(Data extracted from a collection)
┄┄┄┄┄┄┄┄┄┄

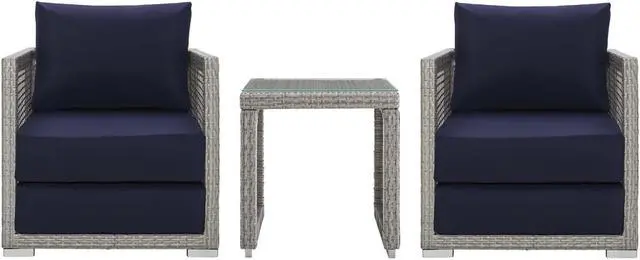 Modern Outdoor Patio CollectionGray Synthetic PE Wicker RattanPlush All-Weather CushionsPowder Coated Aluminum Frame"Fade, Water and UV Resistant"Chrome Plated Anti-Skid FeetChair Weight Capacity: 331 lbs.Assembly RequiredOverall Armchair Dimensions: 27.5"L x 32"W x 32"HSeat Dimensions: 22"L x 23.5"W x 15.5"HArmrest Dimensions: 32"L x 27.5"W x 25.5"HOverall Side Table Dimensions: 16"L x 18"W x 17.5"HOverall Product Dimensions: 27.5"L x 82"W x 32"HProduct Materials: Legs: PP,L shaped, plated, size 100*100*25mm; the bottom is anti-skid; rattan is FB88WK1784-36L, the 2 sides color is same, Chair Weight Capacity: 150kgs.
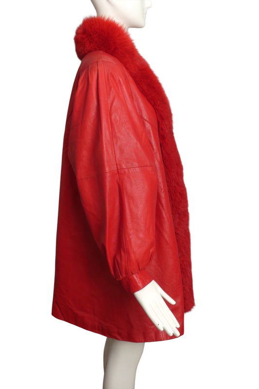 1980s Red Leather & Fox Fur Coat, Size Medium
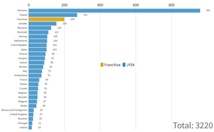 Lars Larsens eventyr startede i 1979 med JYSK Sengetøjslager i Aarhus, og i dag er koncernen vokset til over 3.220 butikker, hvoraf de 100 altså er i Spanien og de 21 i Portugal.
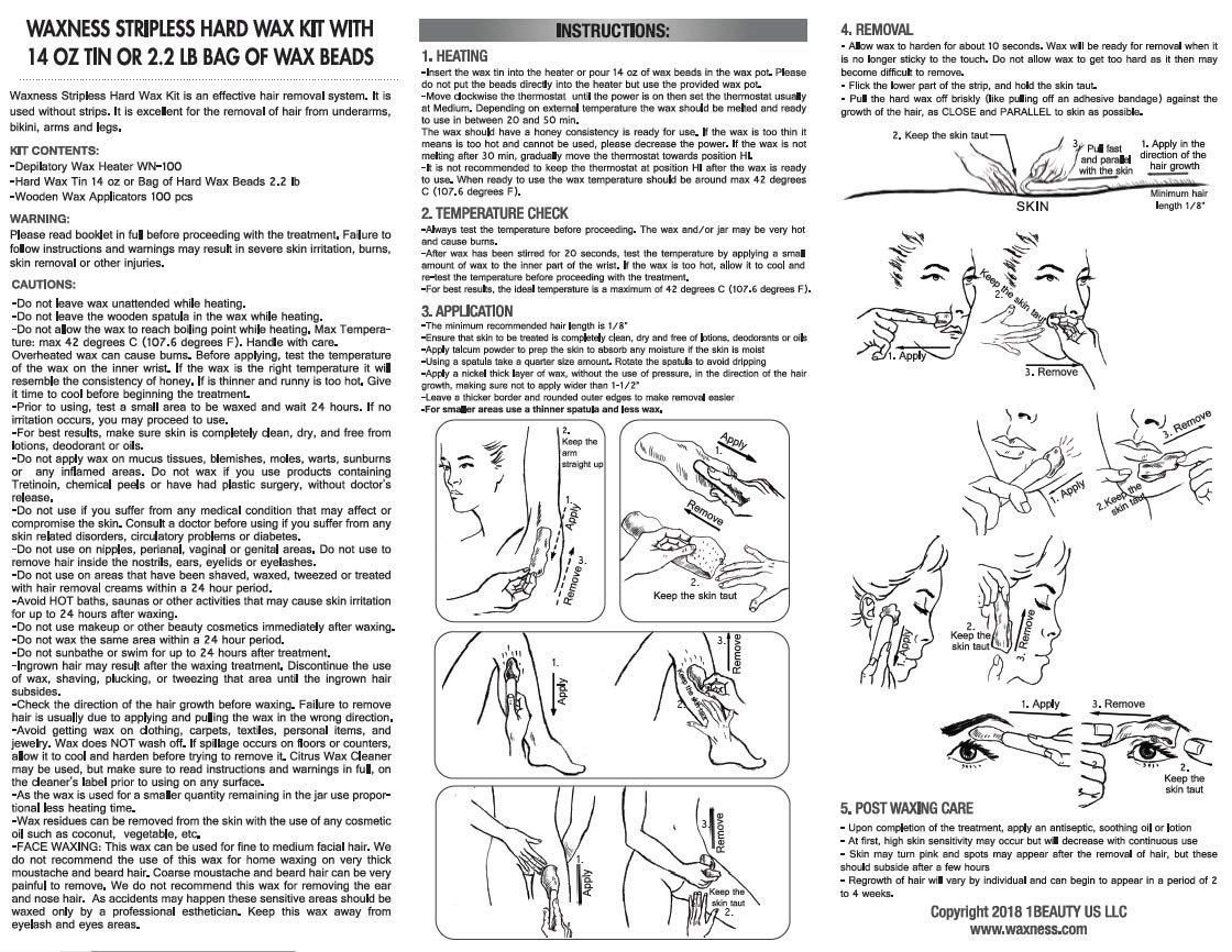 - This Stripless Waxing Kit contains: - 1 X Depilatory Wax Metallic Heater WN-5001
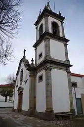 In the body of the nave (divided into two registers), there appears, on the first, an adjoining annex and in the upper two, arched windows.[1] The volume of the main chapel also includes an attached/adjoining annex and in the upper register, two straight windows, decorated by cornices.[1] The north facade, in the body of the nave, is a straight portal and half-cane frame surmounted by a protruding frieze and bowed arch with straight window, decorated by the coat-of-arms.[1] In the volume of the chancel, the sacristy appears with two straight windows, decorated with cornices. The blind eastern wall is topped by gable with cornice.[1]

┄┄┄┄┄┄┄┄┄┄

Task:
Could you copy out every record exactly, minus the pictures?

Answer for this exercise:
 Modern Outdoor Patio CollectionGray Synthetic PE Wicker RattanPlush All-Weather CushionsPowder Coated Aluminum Frame"Fade, Water and UV Resistant"Chrome Plated Anti-Skid FeetChair Weight Capacity: 331 lbs.Assembly RequiredOverall Armchair Dimensions: 27.5"L x 32"W x 32"HSeat Dimensions: 22"L x 23.5"W x 15.5"HArmrest Dimensions: 32"L x 27.5"W x 25.5"HOverall Side Table Dimensions: 16"L x 18"W x 17.5"HOverall Product Dimensions: 27.5"L x 82"W x 32"HProduct Materials: Legs: PP,L shaped, plated, size 100*100*25mm; the bottom is anti-skid; rattan is FB88WK1784-36L, the 2 sides color is same, Chair Weight Capacity: 150kgs.
 1980s Red Leather & Fox Fur Coat, Size Medium
 Lars Larsens eventyr startede i 1979 med JYSK Sengetøjslager i Aarhus, og i dag er koncernen vokset til over 3.220 butikker, hvoraf de 100 altså er i Spanien og de 21 i Portugal.
 - This Stripless Waxing Kit contains: - 1 X Depilatory Wax Metallic Heater WN-5001
 In the body of the nave (divided into two registers), there appears, on the first, an adjoining annex and in the upper two, arched windows.[1] The volume of the main chapel also includes an attached/adjoining annex and in the upper register, two straight windows, decorated by cornices.[1] The north facade, in the body of the nave, is a straight portal and half-cane frame surmounted by a protruding frieze and bowed arch with straight window, decorated by the coat-of-arms.[1] In the volume of the chancel, the sacristy appears with two straight windows, decorated with cornices. The blind eastern wall is topped by gable with cornice.[1]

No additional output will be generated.